Шедший мимо парень усмехнулся и с любопытством посмотрел сначала на Люську, то есть на её украшение, вызвавшее такую бурю эмоций у вполне респектабельной дамы, а потом (одобрительно чмокнув) на Таньку. Даже приостановился.
Я вздохнула. Что за бесцеремонность?! Не к нему ведь обращались. Ну и шёл бы себе мимо. Конечно, я ничего ему не сказала, а то, не дай Бог, и совсем на месте останется после моих-то слов. Мне мой язык не всегда подконтролен, так что лучше вовремя его прикусить, чтоб соблазна не было.
– Не ори, – вполголоса посоветовала я Татьяне, скосив глаза на парня и привычно вздохнув. Говорить ему я снова ничего не стала. Зачем привлекать лишнее внимание? – Мы всё ж таки в центре города. А ну как сослуживцы твоего драгоценного окажутся поблизости.

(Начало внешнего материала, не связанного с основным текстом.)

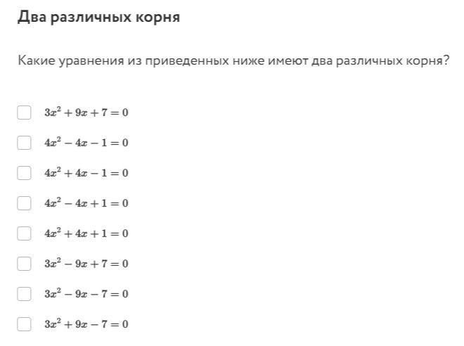 Уравнение имеет два различных корня, если Дискиминант больше нуля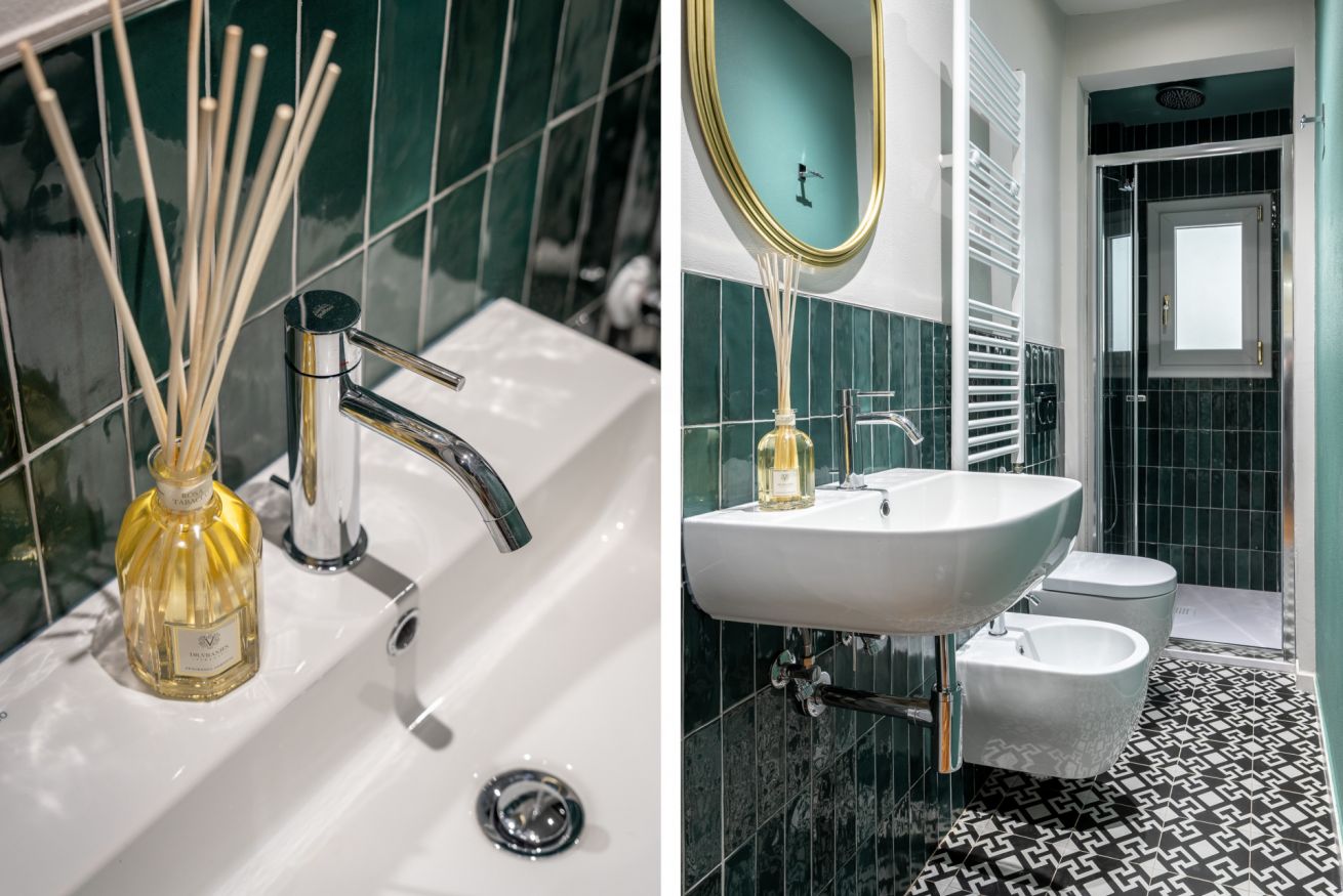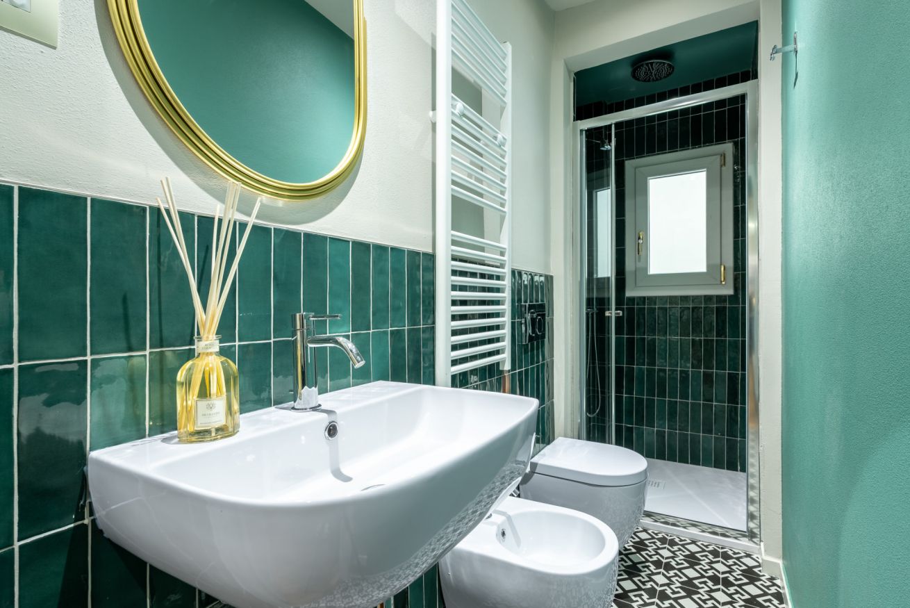 Il secondo bagno è una vera chicca: uno spazio raccolto, dotato di doccia emozionale con luci cromoterapiche e lavandino – perfetto per un momento di relax dopo una giornata trascorsa tra le meraviglie di Firenze.

Что тогда?
– Да я и не ору, – сразу присмирела Танька, бросив быстрый взгляд вокруг себя, но из вредности всё же добавила:
– Не окажутся. Рабочий день у них в самом разгаре. Чего им у зоопарка в это время шибаться? Они люди занятые. Деньги делают. Куют, так сказать, собственное материальное благополучие денно и нощно. Да и фразочки в неформальной обстановке могут такие выдать – мама не горюй. Это они на работе все такие неприступные и солидные, а копни глубже… Так что вряд ли я кого-нибудь из них так уж сильно шокирую. Скорее повеселю.
Я фыркнула, отвернулась от зловредной Танюхи, которую и захочешь не переговоришь, и пригляделась к Люське. Чего она к ней прицепилась?! Почти ничего и не видно. Или это я такая слепая?!
– Что? Так сильно заметно? – расстроилась Люська, реагируя на моё слишком пристальное, да что там, по-настоящему бесцеремонное, назойливое разглядывание. Я даже прищурилась от усердия.
– Не-а, – искренне ответила я. – Ничего не видно, если специально не присматриваться.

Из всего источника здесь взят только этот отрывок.